IMAGINATION HAS ALWAYS BEEN at work in American Classics’ annual concert revivals of neglected or forgotten musical comedies like Dietz & Schwartz’s revue The Band Wagon (1931) and Irving Berlin’s second show, Stop! Look! Listen! (1915). This year, it was Rodgers & Hart’s 1926 "play with music," Peggy-Ann, a Cinderella story about the dreams of a boarding-house owner’s frustrated daughter that’s based on yet an earlier musical, Tillie’s Nightmare. Its extended dream sequences anticipate by 15 years the musical exploration of the subconscious by Kurt Weill and Ira Gershwin in Lady in the Dark. The original book, by Herbert Fields, might not survive a full-scale production, but David Frieze’s animated "semi-staging" and Jennifer Farrell-Engebretson’s uncliché’d dances were perfect for Longy School of Music’s intimate Pickman Hall.

The founding and guiding spirits of American Classics are Bradford Conner and Benjamin Sears. Conner and that prodigious one-woman orchestra, pianist Margaret Ulmer, did the exuberant arrangements. The company of skillful regulars and newcomers (some still only semi-skillful, but all appealing) included Ida Zecco, Bob Jolly, Brent Reno, Reba Lawless, Peter A. Carey, super-glamorous La’Tarsha Long, Sears and Conner themselves, and Mary Ann Lanier, another founding member, in the title role.

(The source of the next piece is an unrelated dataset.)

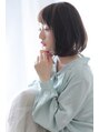 甘めのブラウンベージュカラーのボブスタイル。シンプルだけど、ショートバングで少し遊んだスタイルに。

I found even the awful jokes fun (an underwear clerk telling a customer, "This is the largest one we have in that size"; the heroine scolding her boyfriend, "I hate you, practically"). Some of Rodgers’s captivating tunes are startlingly syncopated, and the Gordian knots of internal rhymes in Hart’s witty lyrics are priceless ("In each scenario/You can depend on the end/Where the lovers agree./Where’s that Lothario?/Where does he roam, with his dome/Vaselined as can be?"). Peggy-Ann’s best songs are not quite standards, but people left humming the poignant "Where’s That Rainbow?", "A Tree in the Park," and the worldly-wise "A Little Birdie Told Me So" ("Don’t pity mother Eve, her weakness was detestable,/And soon she learned forbidden fruit was indigestible!"). That’s entertainment!